A net 19% of companies expect the economy to deteriorate in the next six months, better than the net 64% who saw worsening times ahead in the second quarter, according to the New Zealand Institute of Economic Research's Quarterly Survey of Business Opinion.

The economy is mired in its first recession since 1998 and some analysts predict a second wave of impact in job losses as companies adjust to a drop in demand. A net 23% of companies surveyed expect profits to fall in the next three months, an improvement from the net 44% who expected weaker earnings in the previous survey.

"The survey adds to our view that the economy is indeed in a deepening and broadening recession," said Shamubeel Eaqub, economist at Goldman Sachs JBWere. "We do not anticipate a sustained recovery until late 2009," he said.

A recovery next year would still need to be assisted by further cuts to interest rates and the stabilisation of credit markets and is at risk should trading conditions deteriorate in New Zealand's main export markets, he said.

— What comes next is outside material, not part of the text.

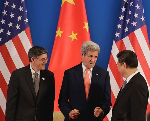 ▲ 존 케리 미국 국무장관(왼쪽 두번째)이 6일 중국 베이징에서 개막한 제8차 미중 전략경제대화에서 시진핑 중국 국가주석(오른쪽)과 대화하고 있다. <왼쪽부터 제이컵 루 미 재무장관, 케리 장관, 시진핑 주석>. © 세계뉴스 |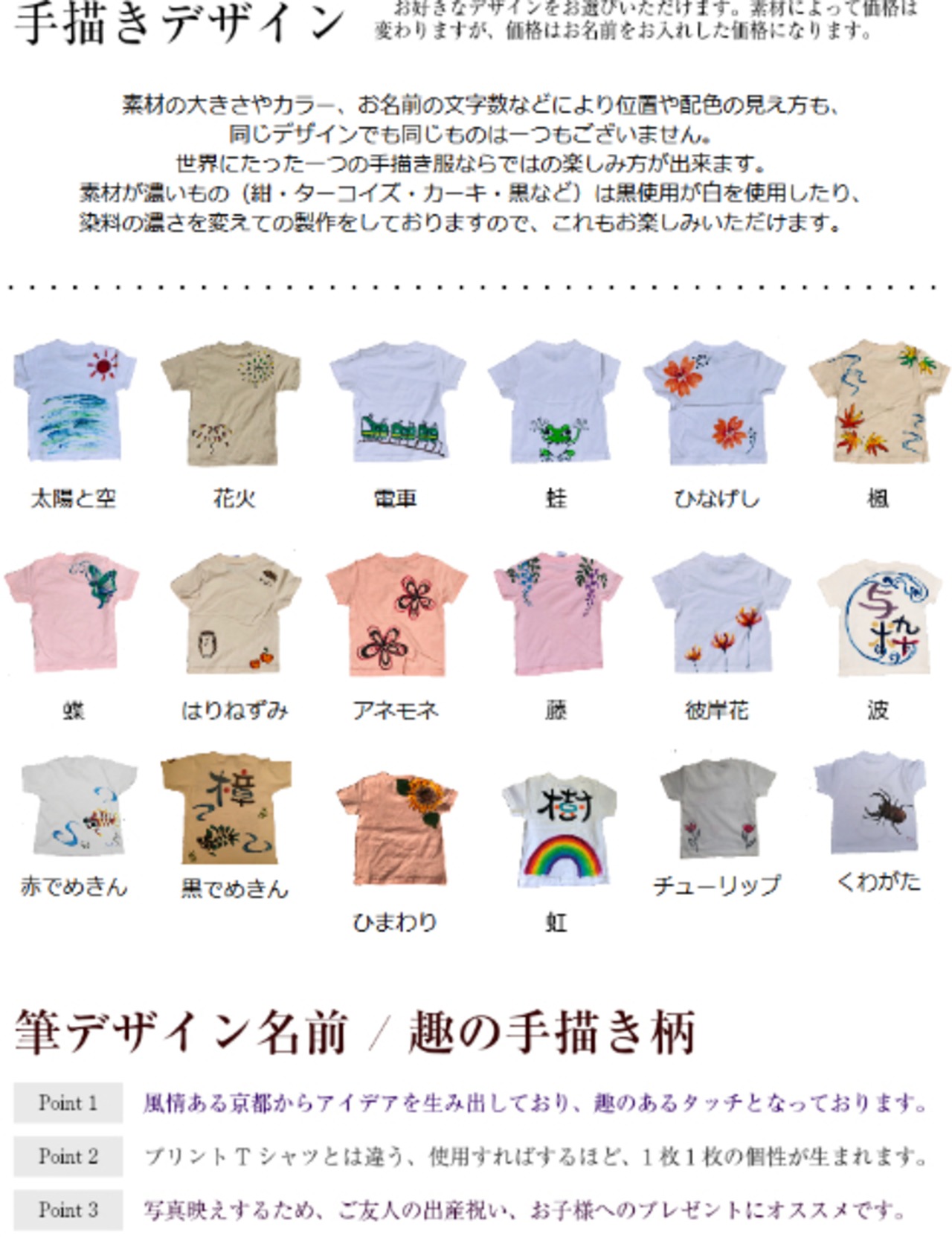 ご注文頂いてからの一人の製作者により一筆一筆書かせて頂くので、きっと成長と共にご家族の思いでにもなる世界にひとつの洋服になります。

New Zealand's dollar fell as low as 61.70 US cents overnight and has retreated from more than 81 cents early this year. A deteriorating economic outlook and lower interest rates are undermining support for the currency.

The Reserve Bank is expected to cut the official cash rate by 50 basis points to 7% this month, and continue lowering rates through 2008. The NZIER said indicators of domestic trading activity in its latest survey suggest gross domestic product shrank in the third quarter and is likely to contract in the fourth quarter as well.

On a seasonally adjusted basis, a net 32% of firms reported a decline in their own activity, the poorest response since March 1991, according to the survey.

Helping soothe the central bank, inflationary expectations have eased, according to the survey, with increased pricing intentions retreating to 28% from 49%.

The economy contracted 0.2% in the second quarter and shrank 0.3% in the first.